*** Data for analysis Section Begins ***

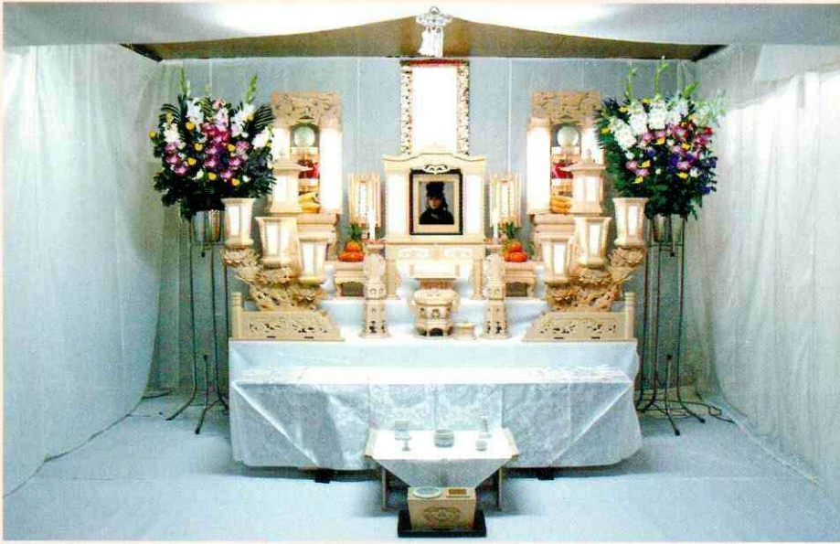
雪パック 三段飾り
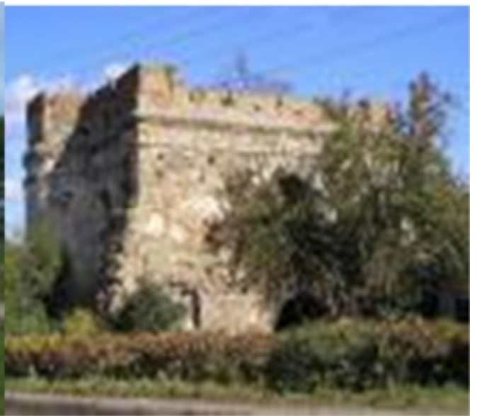
Рис. 5.1. Кругла вежа Рис. 6.1. Татарська вежа
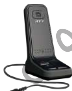
SM10A1 Micrófono de escritorio
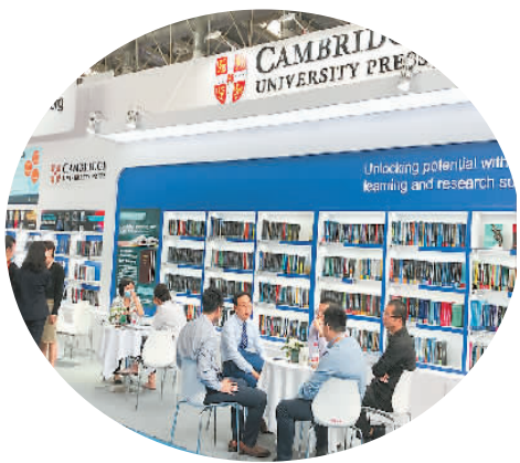
剑桥大学出版社展位
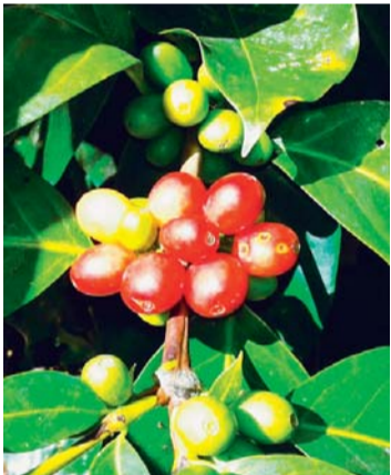
LA PLAGA ROYA QUE AFECTA AL CAFÉ PUEDE SER COMBATIDO POR UNA NUEVA SEMILLA.

Asimismo, manifestó que café es exportado a Estados Unidos y Europa, tomando en cuenta que la libra de café se cotiza en 98 dólares en el mercado internacional.
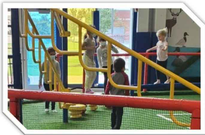
Les élèves du SDG lors de la sortie à Zükari le 22 octobre dernier.
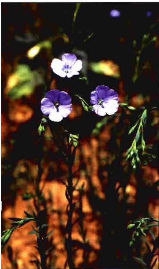
Planta de lino en flor
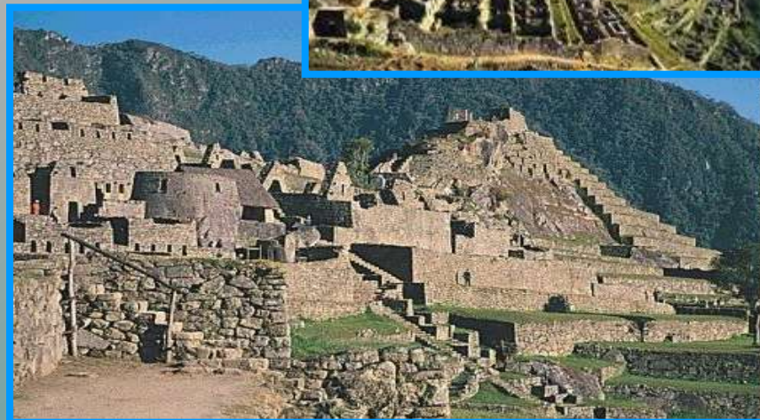
Machu Picchu-mesto Inkov
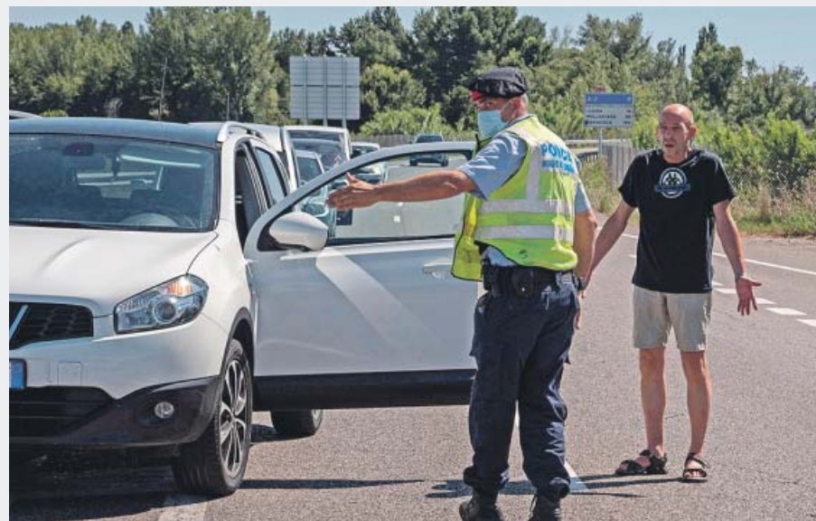
El Segrià, Lleida A las pocas horas de decretarse el confinamiento, los Mossos ya habían establecido controles de carretera para supervisar las entradas y salidas de la comarca de El Segrià
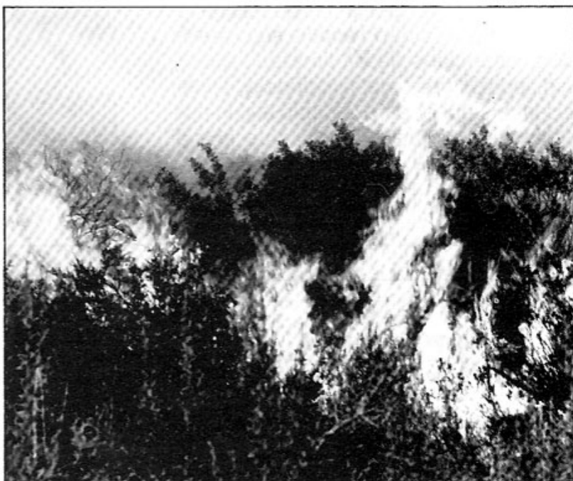
Als darrers vint anys s'han produït al voltant de 300 incendis que han suposat la crema de 20.000 hectàrees.

— Suport a les normatives urbanístiques que alguns pobles
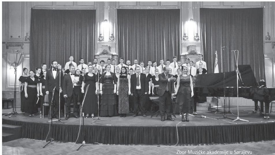
Zbor Muzičke akademije u Sarajevu
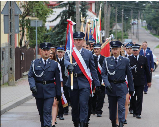
Przemarsz z kościoła pw. Trójcy Przenajświętszej na cmentarz parafialny w Zambrowie
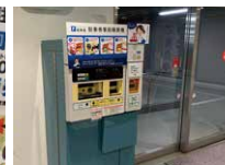
2階 駐車場出入口前
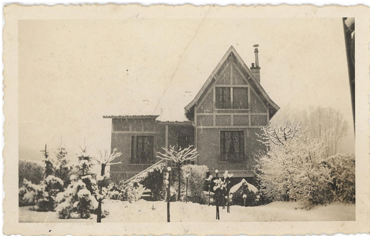
Façade nord. Photogr. milieu XXe siècle
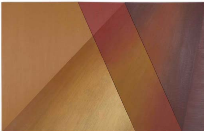
LEE LOZANO Lean [Inclinar], 1966 Óleo sobre lienzo 3 paneles, 198,8 x 312,9 cm en total The Estate of Lee Lozano. LOZAN30686

A partir de mediados de los 60, la obra de Lozano se vuelve más abstracta y minimalista. Figuras geométricas atraviesan lienzos y paneles de margen a margen. La artista utilizaba los colores para provocar emociones, y reflexionaba sobre la idea de las “pinturas de energía” en obras como Big Circle , cuyos segmentos circulares crean efectos ópticos. Una estela surca la profundidad del espacio como lo haría un cohete en ascensión, el recorrido de un arco, la matriz de un círculo o la disolución de la luz en los cuerpos sólidos. Su trabajo se centra ahora en la espacialidad, en un intento por plasmar la cuarta dimensión en esas obras que llevaron a la artista a la conceptualización de su práctica pictórica entre 1969 y 1970. Sus pinturas y estudios perforados se basan en cálculos matemáticos y son un buen ejemplo de su método de trabajo riguroso y preciso.
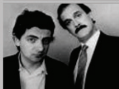
John Cleese i Rowan Atkinson tijekom provoda.
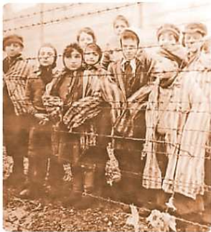
Fig. 2.28 Nadie estaba exento. Los nazis pretendían exterminar a los judíos. Niños y mujeres, dentro de un campo de concentración.

A quien se propuso exterminar el Régimen Nazi.
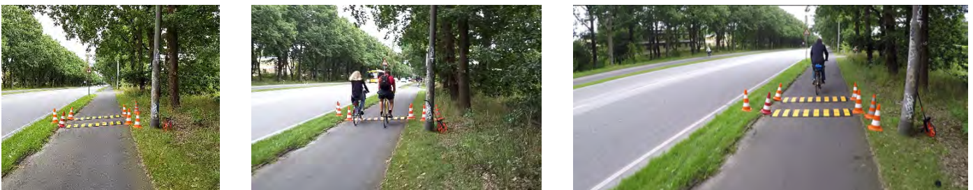
Figur 3. Præfabrikerede bump i gult/sort med højde 3 cm, bredde 48 cm. De sættes sammen af moduler, der er 60 cm lange. Til venstre ses design 3.1 med 2 bump med indbyrdes afstand på 1 m. I midten ses design 3.2 med et enkelt bump. Til højre ses design 3.3 med 2 bump med indbyrdes afstand 0,75 m.

*** Data for analysis Section Ends ***

Exercise
Could you tally the lines in the data that contain the string "exterminar" and answer with the number alone?

Your solution
2